I was holding back on this thread a little, but I think something has
coalesced in my head enough to be able to wade in...

I know a man who is a fire fighter here in a city near Vancouver.  He is
a former Marine.  He spent several years in the US Marines stationed in
places like Okinawa and others.  He received a commendation for saving
the life of a pilot who crash landed his plane and was dragged from the
burning wreckage by my friend.

My friend is almost completely unable to operate in the world.  He is
trailing the baggage of two failed marriages, an almost total lack of
empathy for living things and an inability to temper unprovoked fits of
rage and depression with critical thought.  He willingly tells me that
in basic training he was stripped down so that instead of being a man he
became a wetware payload delivery system.  His job was to do whatever
was asked of him, unquestioningly.  He was not encouraged to take a
stand.  He was trained to take a fall.

He was a soldier.  Not, as I understand it, a Warrior.
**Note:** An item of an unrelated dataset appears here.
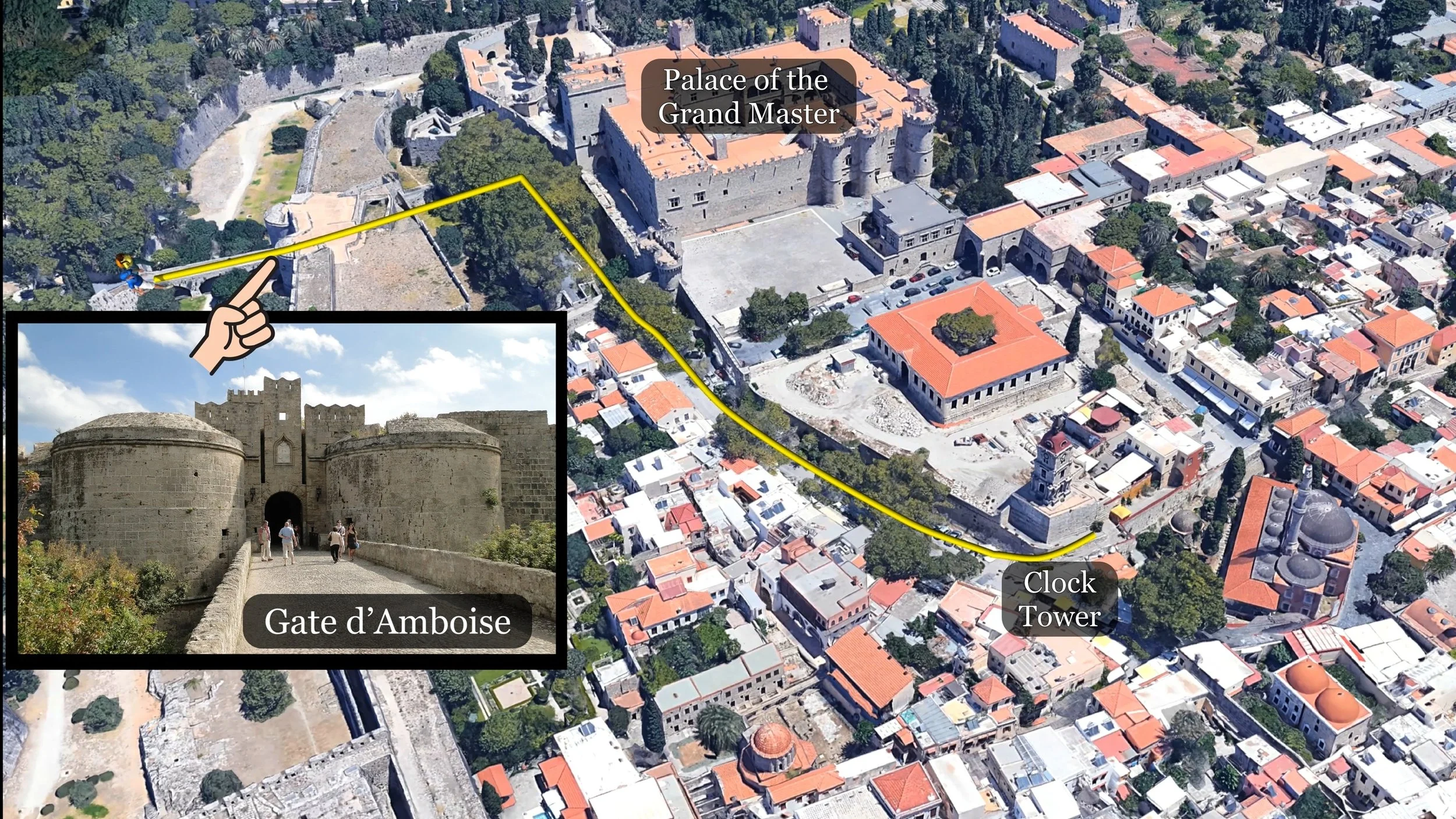 Some journeys include visual cues such as routes and landmark locations to help orient you within each destination.
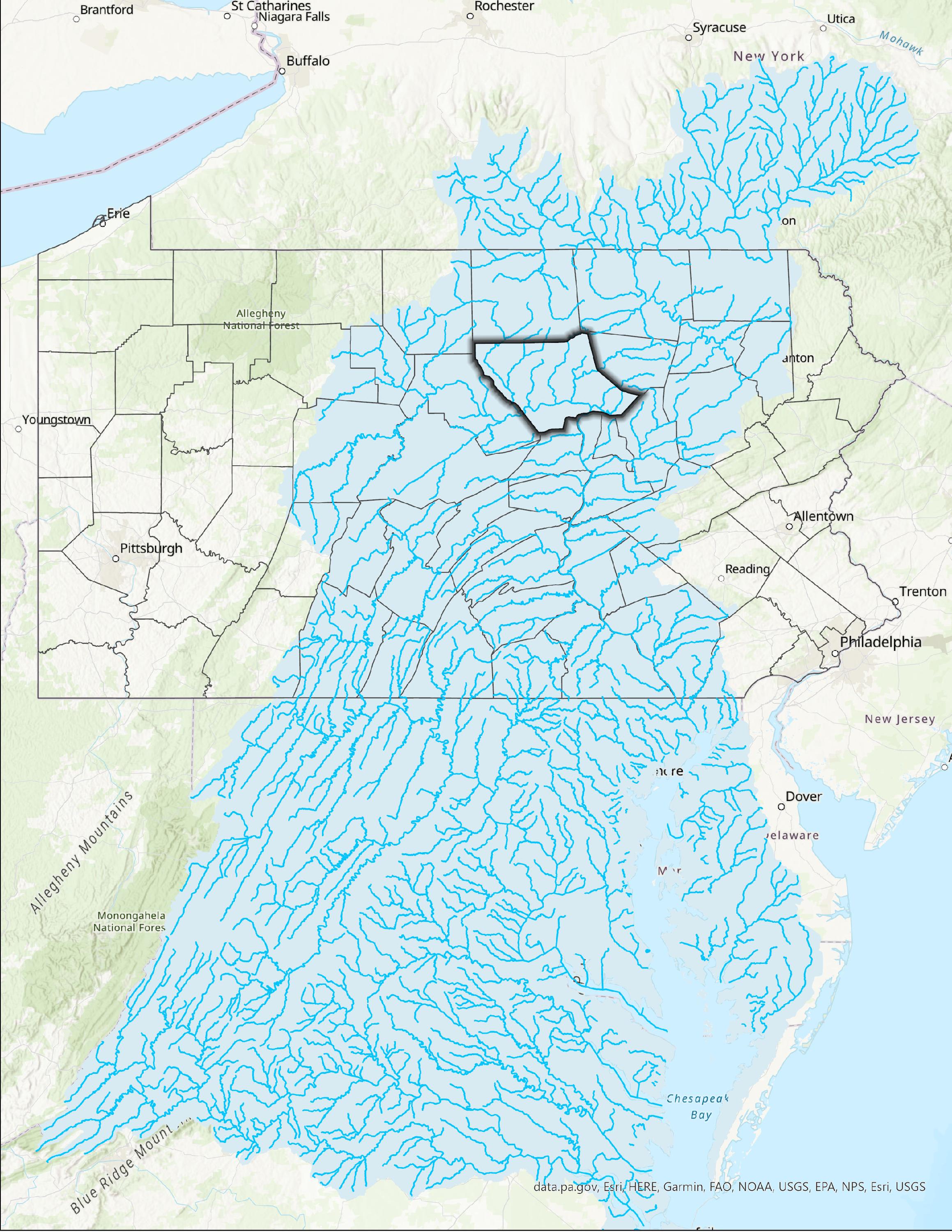 Lycoming County is just one of the forty-three Pennsylvania Counties to contain waterways that drain to either the Susquehanna or the Potomac rivers, which ultimately flow into the Chesapeake Bay.

He is the only soldier I know well, and the only one that was in a
branch of the US armed forces, so my knowledge of soldiers comes only
from that miniscule contact with the culture of soldiering.  But it
occurs to me that there is a possibility that the young men and women
Harrison is talking about are soldiers and maybe not Warriors.  I feel
very scared for them, because they are about to be put in harm's way, to
possibly face death and if not, to return to a life that may never make
sense for them again.

I understand Angeles Arrien's  Way of the Warrior to be threefold: to
show up, be visible and to empower others through example and
intention.  I know she refers to peacemakers but to her list I would add
people like Nelson Mandela and Subcomandante Marcos, people who have
acted in the realm of violence in the past but know when enough is
enough.  Seems to me that well timed restraint in the face of threat, as
well as just the right amount of opposing force in times of dire
emergency make up the way of the warrior too.

Personally, I don't know if I am a pacifist or not.  I have never lived
in a situation where my only choice has been to kill or not to kill.  i
guess I would find out then, although it would probably be my last piece
of self-awareness.  It may be that there is a time for killing and a
time for dying.  And likewise there may be times when it is not useful
to kill or die.

My understanding of the Warrior role from the traditional teachings I
engage in, through sweat lodge ceremonies and other practices echo
somewhat the Way identified by Angeles Arrien.  I have always heard
teachers talk about the role of the warrior being one of peace and one
of balance.  In fact, ironically, as the warrior occupies the north
which is the seat of action, the home of the whirlwind, it seems that
the role of the warrior that has been presented to me is one of standing
still.  It brings to mind an image I have of Buster Keaton in "The
General."  As hundreds of people and a train are heading past him he
stands facing the opposite direction and then ever so slightly leans
into that direction as if facing a wind.  Exerting enough force to keep
a stand.  If the role of the space holder lies anywhere, perhaps it lies
in the north.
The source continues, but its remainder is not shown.